= Supplied information =
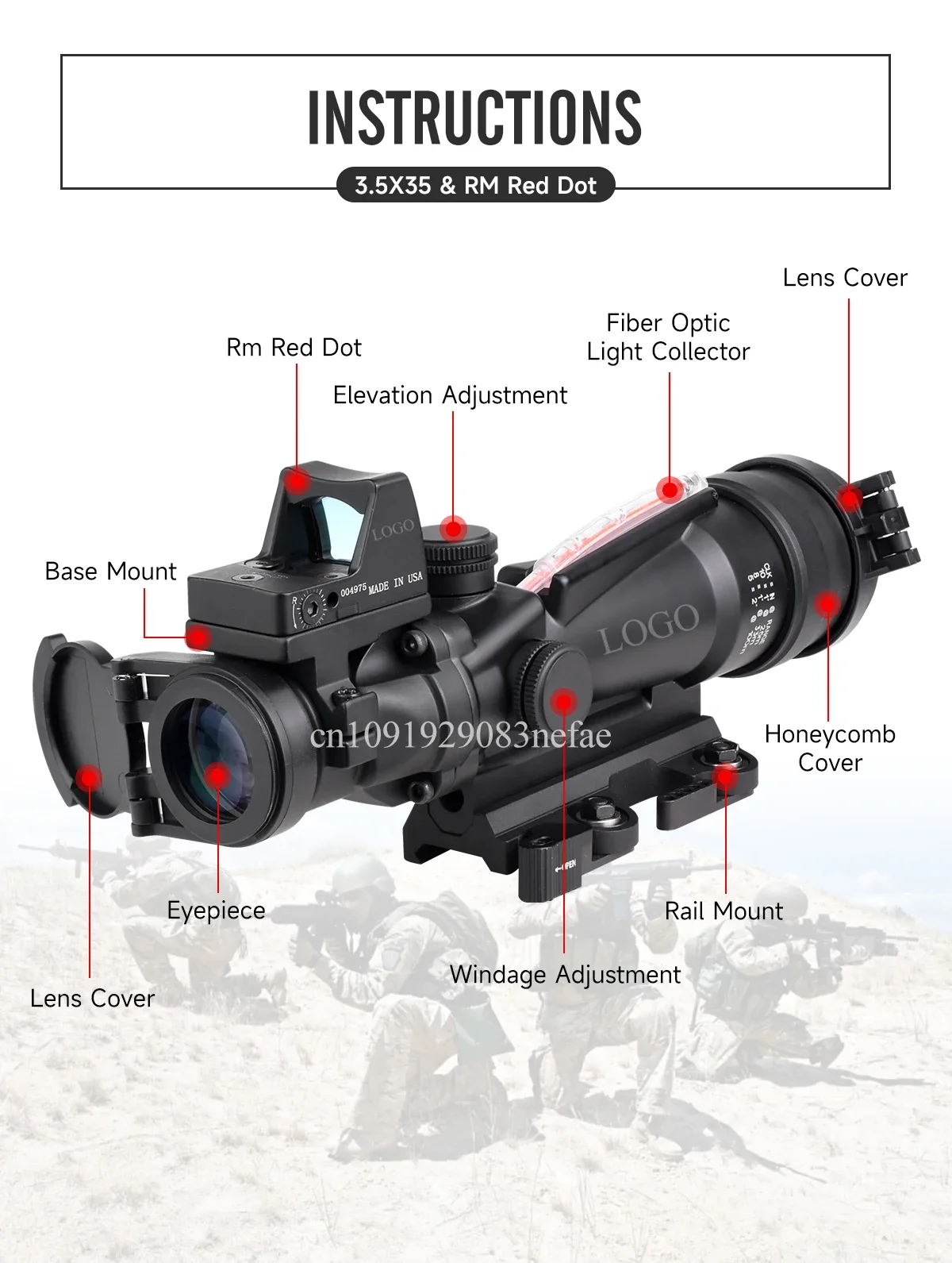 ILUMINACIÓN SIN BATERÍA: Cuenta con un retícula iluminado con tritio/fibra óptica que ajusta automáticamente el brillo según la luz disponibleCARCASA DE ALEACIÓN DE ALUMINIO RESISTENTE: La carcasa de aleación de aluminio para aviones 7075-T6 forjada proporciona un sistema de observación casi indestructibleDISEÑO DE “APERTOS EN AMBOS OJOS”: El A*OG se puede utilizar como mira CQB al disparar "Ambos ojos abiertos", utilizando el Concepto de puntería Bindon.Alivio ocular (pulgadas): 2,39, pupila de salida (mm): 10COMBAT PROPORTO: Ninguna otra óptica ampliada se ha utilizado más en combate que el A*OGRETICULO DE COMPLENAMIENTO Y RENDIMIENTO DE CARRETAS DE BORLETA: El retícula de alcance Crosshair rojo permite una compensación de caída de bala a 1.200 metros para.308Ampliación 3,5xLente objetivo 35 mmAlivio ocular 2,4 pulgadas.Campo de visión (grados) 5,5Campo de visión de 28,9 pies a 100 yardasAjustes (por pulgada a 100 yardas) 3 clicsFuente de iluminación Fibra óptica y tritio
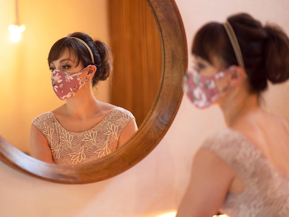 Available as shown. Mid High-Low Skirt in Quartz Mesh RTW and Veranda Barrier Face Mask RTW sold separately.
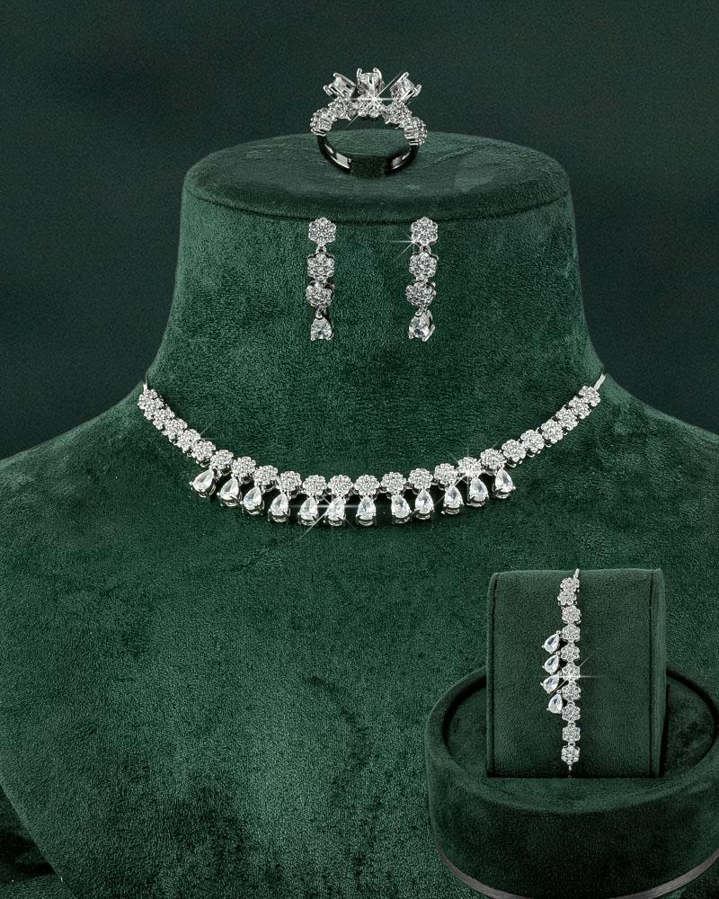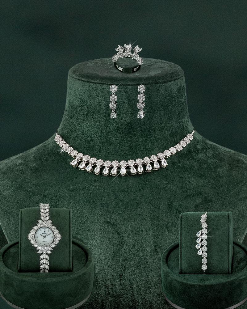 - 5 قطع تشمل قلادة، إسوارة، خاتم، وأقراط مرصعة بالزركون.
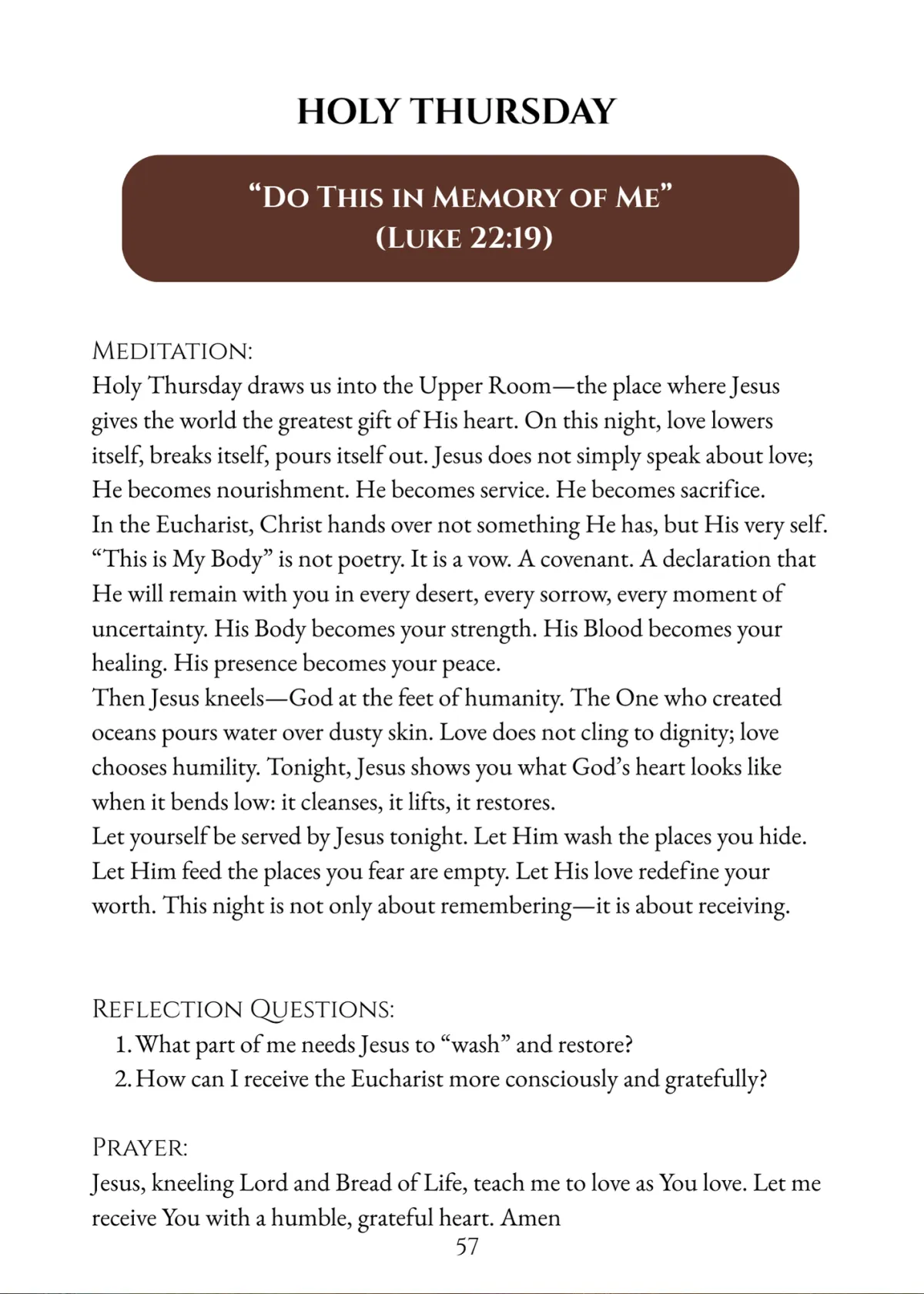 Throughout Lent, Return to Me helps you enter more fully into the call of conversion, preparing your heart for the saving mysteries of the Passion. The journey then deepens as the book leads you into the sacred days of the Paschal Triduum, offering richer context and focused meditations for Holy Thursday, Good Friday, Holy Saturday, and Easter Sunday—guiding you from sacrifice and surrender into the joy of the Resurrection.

= Directions =
Begin the copy at the line containing "- 5 قطع تشمل" and end it at the final line of the material above, reproducing each line exactly and omitting pictures.

= Response area =
 - 5 قطع تشمل قلادة، إسوارة، خاتم، وأقراط مرصعة بالزركون.
 Throughout Lent, Return to Me helps you enter more fully into the call of conversion, preparing your heart for the saving mysteries of the Passion. The journey then deepens as the book leads you into the sacred days of the Paschal Triduum, offering richer context and focused meditations for Holy Thursday, Good Friday, Holy Saturday, and Easter Sunday—guiding you from sacrifice and surrender into the joy of the Resurrection.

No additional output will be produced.